* [The task]: Repeat the entries below exactly. Drop the pictures.

* [Source data]:
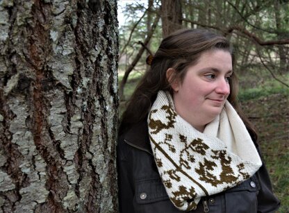 This fairisle infinity scarf is inspired by oak trees and the squirrels that like to play in them! The fairisle detail makes up roughly one third of the infinity scarf loop, and the rest is knit plain in the background colour to show off the fairisle section.
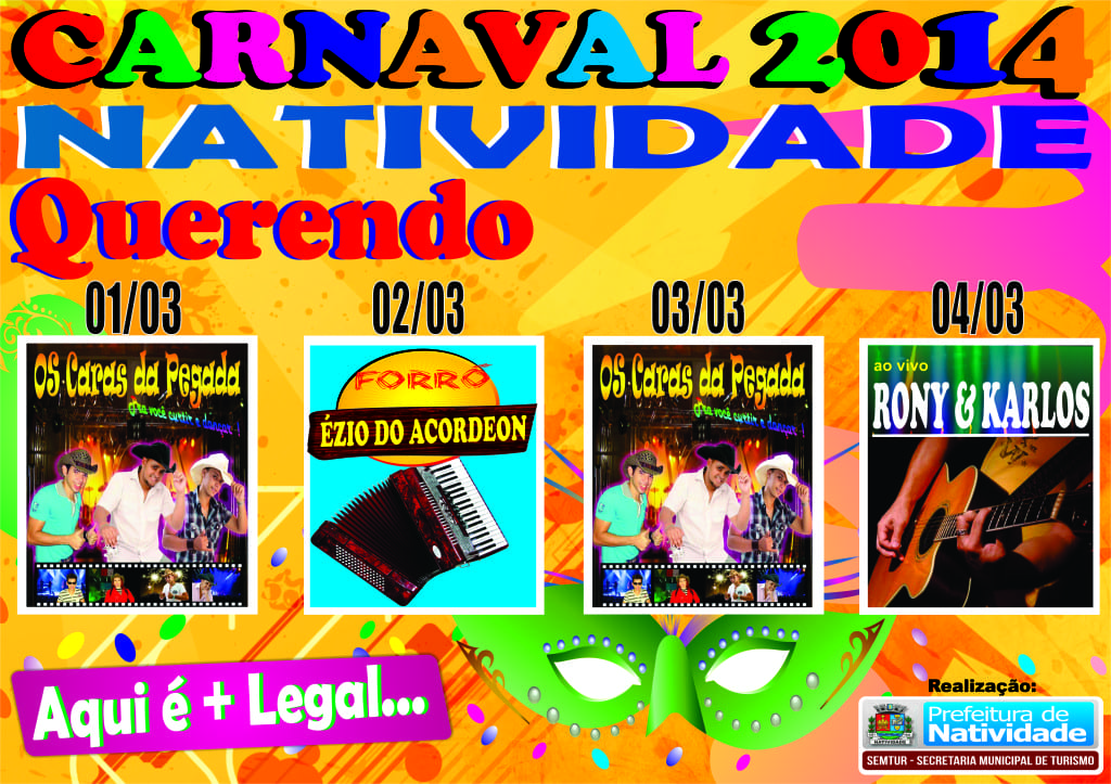 A Secretaria Municipal de Turismo divulgou a programação de carnaval no distrito de Bom Jesus do Querendo. Serão três grupos que irão se revezar durante os quatro dias de folia. Confira a programação acima:
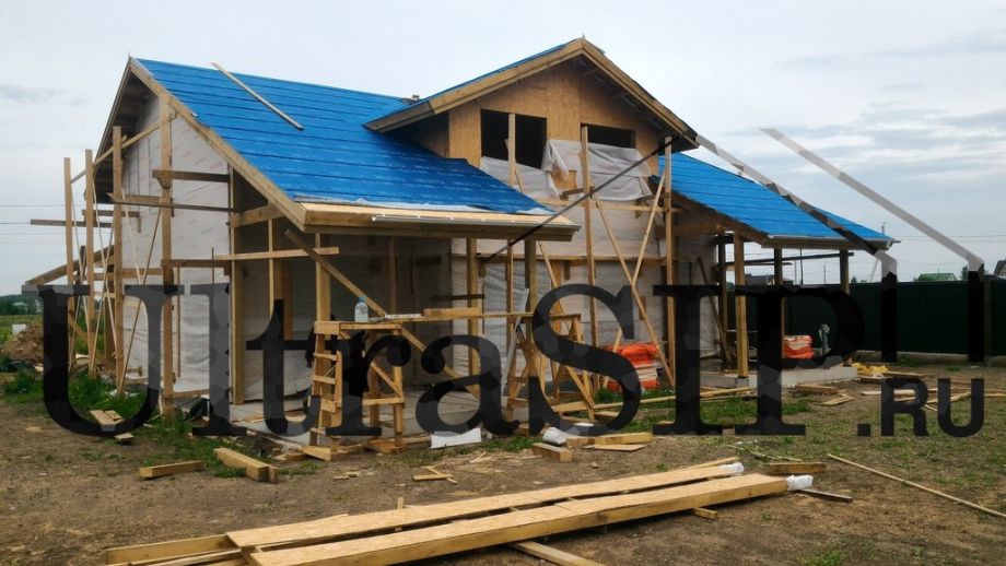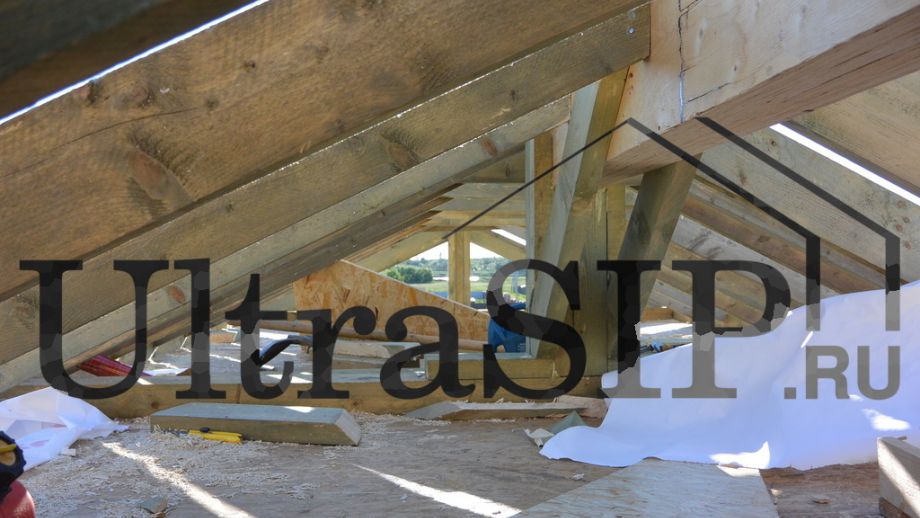 Нижняя часть стен обтянута ветровлагозащитной мембраной Rockwool. Заканчиваем сборку теплой мансардной крыши из СИП-панелей.
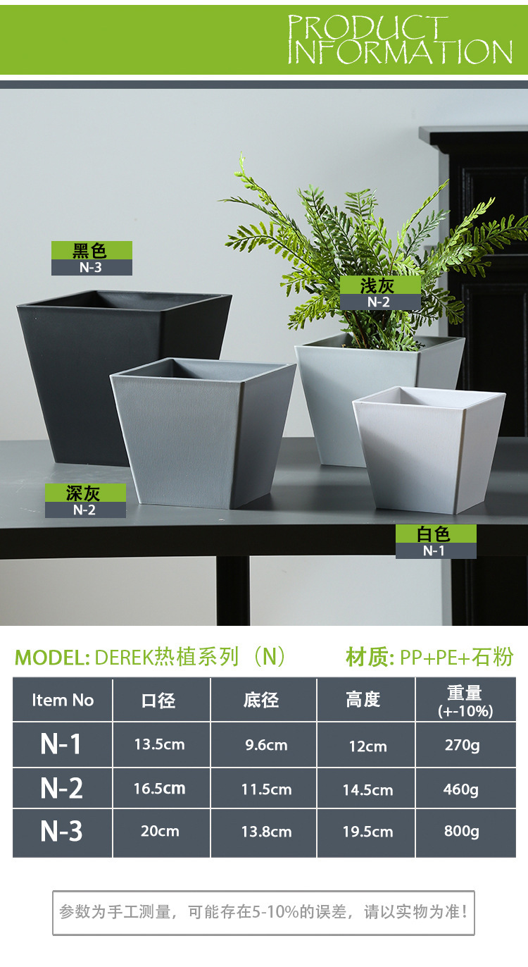 创意正方塑料花盆工厂直销客厅桌面多肉发财树绿植装饰盆光面加厚
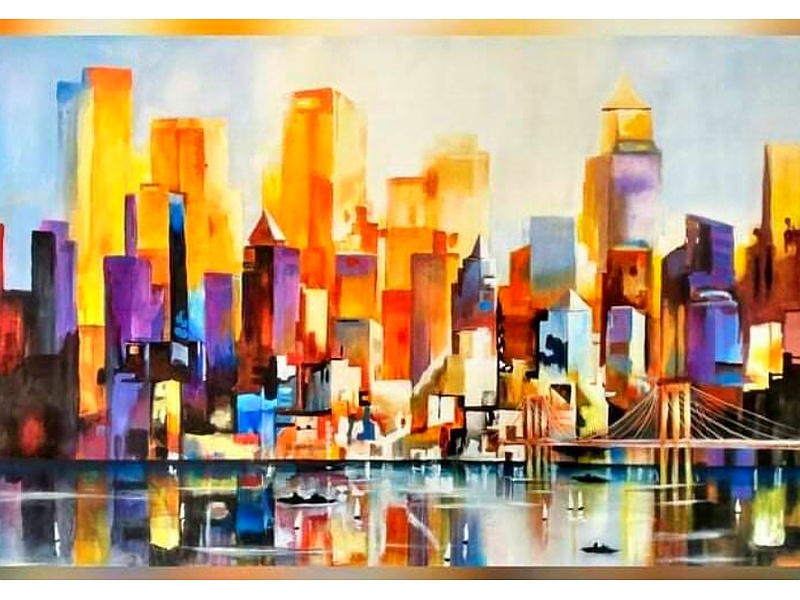 Muestra una ciudad en un diseño abstracto, con líneas y colores que representan la vida urbana y su energía dinámica. Perfecto para añadir un toque moderno y vibrante a tu decoración.
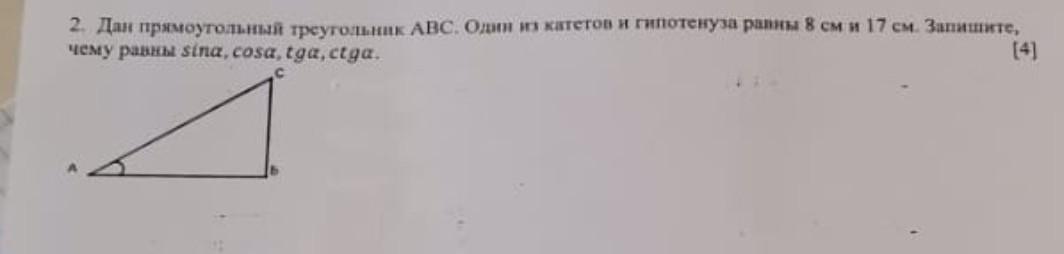 2) если же АВ=8, тогда cos∝=8/17; sin∝=15/17; g∝=1.875;ctg∝=8/15.
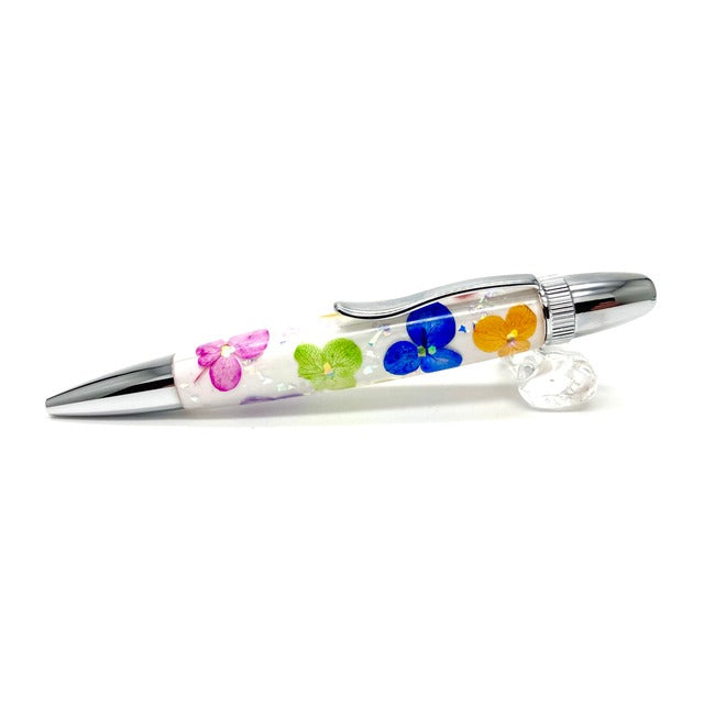 氷のように小花を閉じ込めた「Flower Pen」です。
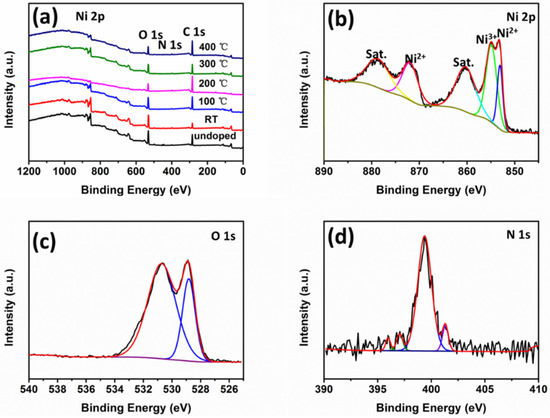 The surface elemental composition and state of NiO thin films were analyzed by XPS, as shown in Figure 6. The XPS survey spectra in Figure 6a show the peaks characteristics of nickel, oxygen, nitrogen, and carbon in all samples. The Ni 2p spectra (Figure 6b) contained six components. The peaks at 853.9 and 872.8 eV were attributed to Ni2+, and the peak at around 861.1 eV is their satellite (sat.) peak. The peak at 855.7 eV was assigned to Ni3+ [20]. A shakeup-type satellite peak of Ni 2p1/2 was detected at 879.7 eV. The O 1s spectra shown in Figure 6c contain two peaks at 529.6 and 531.4 eV, corresponding to Ni–O and Ni2O3 [21]. N 1s spectra are shown in Figure 6d. The peaks located at 396.7 and 397.8 eV were assigned to atomic N in Ni oxide lattice [22] and N atom bonded to O [23], respectively. The other two peaks at 400.2 and 402.0 eV could be attributed to nitrogen atoms related to N–O bonds due to surface oxidation and ammonium-type bonds [24,25,26].
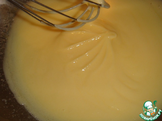Установить миску на кастрюлю с кипящей водой так, чтобы донышко не касалось воды и, постоянно помешивая резиновым шпателем или деревянной ложкой (чтобы предотвратить свертывание), варить до тех пор, пока смесь не станет густой, как сметана (до 70 градусов С). Это займет около 10 минут.
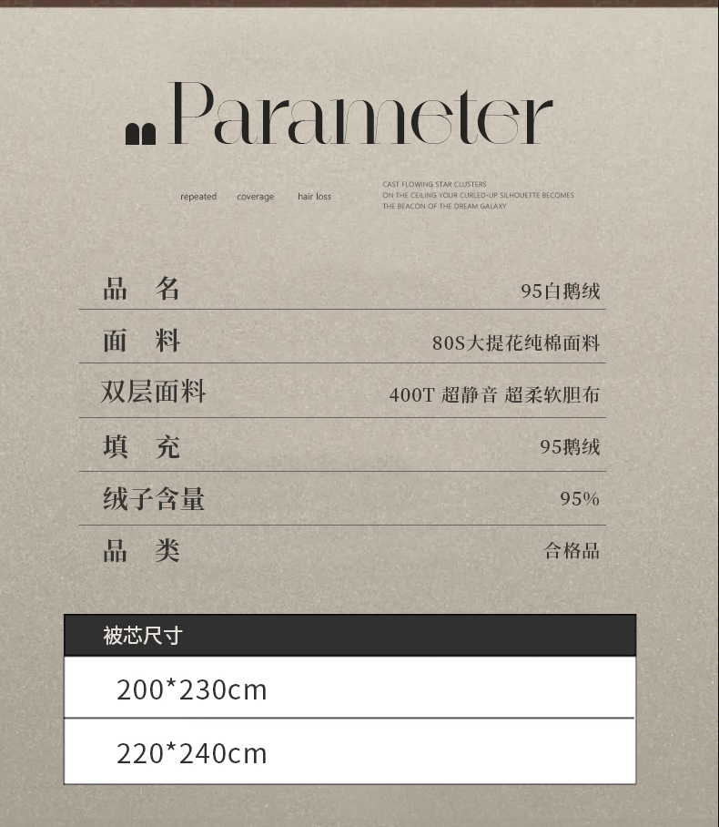 200*230填充1100克95白鹅绒秋冬被 | ¥1660.00 |
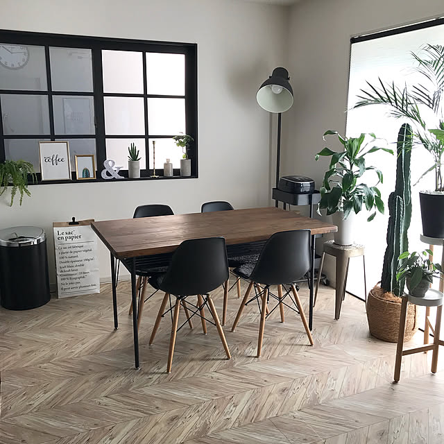 Dream Stickerのフロアシートで施されたヘリンボーンの床が、お部屋に洗練された雰囲気を与えています。ユーザーさんが目指した「海外カフェ風」のシーンが、選んだ素材や家具の配置によって見事に実現されています。木目調の床が持つ温かみと、モダンな家具の組み合わせが、居心地の良い空間を生み出していますね。
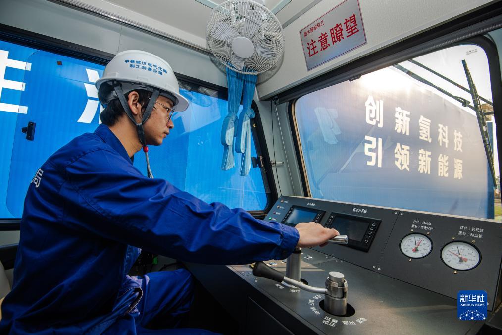 7月18日,駕駛員在氫能源地鐵施工作業車上試駕。

* [Result for this exercise]:
 This fairisle infinity scarf is inspired by oak trees and the squirrels that like to play in them! The fairisle detail makes up roughly one third of the infinity scarf loop, and the rest is knit plain in the background colour to show off the fairisle section.
 A Secretaria Municipal de Turismo divulgou a programação de carnaval no distrito de Bom Jesus do Querendo. Serão três grupos que irão se revezar durante os quatro dias de folia. Confira a programação acima:
 Нижняя часть стен обтянута ветровлагозащитной мембраной Rockwool. Заканчиваем сборку теплой мансардной крыши из СИП-панелей.
 创意正方塑料花盆工厂直销客厅桌面多肉发财树绿植装饰盆光面加厚
 Muestra una ciudad en un diseño abstracto, con líneas y colores que representan la vida urbana y su energía dinámica. Perfecto para añadir un toque moderno y vibrante a tu decoración.
 2) если же АВ=8, тогда cos∝=8/17; sin∝=15/17; g∝=1.875;ctg∝=8/15.
 氷のように小花を閉じ込めた「Flower Pen」です。
 The surface elemental composition and state of NiO thin films were analyzed by XPS, as shown in Figure 6. The XPS survey spectra in Figure 6a show the peaks characteristics of nickel, oxygen, nitrogen, and carbon in all samples. The Ni 2p spectra (Figure 6b) contained six components. The peaks at 853.9 and 872.8 eV were attributed to Ni2+, and the peak at around 861.1 eV is their satellite (sat.) peak. The peak at 855.7 eV was assigned to Ni3+ [20]. A shakeup-type satellite peak of Ni 2p1/2 was detected at 879.7 eV. The O 1s spectra shown in Figure 6c contain two peaks at 529.6 and 531.4 eV, corresponding to Ni–O and Ni2O3 [21]. N 1s spectra are shown in Figure 6d. The peaks located at 396.7 and 397.8 eV were assigned to atomic N in Ni oxide lattice [22] and N atom bonded to O [23], respectively. The other two peaks at 400.2 and 402.0 eV could be attributed to nitrogen atoms related to N–O bonds due to surface oxidation and ammonium-type bonds [24,25,26].
Установить миску на кастрюлю с кипящей водой так, чтобы донышко не касалось воды и, постоянно помешивая резиновым шпателем или деревянной ложкой (чтобы предотвратить свертывание), варить до тех пор, пока смесь не станет густой, как сметана (до 70 градусов С). Это займет около 10 минут.
 200*230填充1100克95白鹅绒秋冬被 | ¥1660.00 |
 Dream Stickerのフロアシートで施されたヘリンボーンの床が、お部屋に洗練された雰囲気を与えています。ユーザーさんが目指した「海外カフェ風」のシーンが、選んだ素材や家具の配置によって見事に実現されています。木目調の床が持つ温かみと、モダンな家具の組み合わせが、居心地の良い空間を生み出していますね。
 7月18日,駕駛員在氫能源地鐵施工作業車上試駕。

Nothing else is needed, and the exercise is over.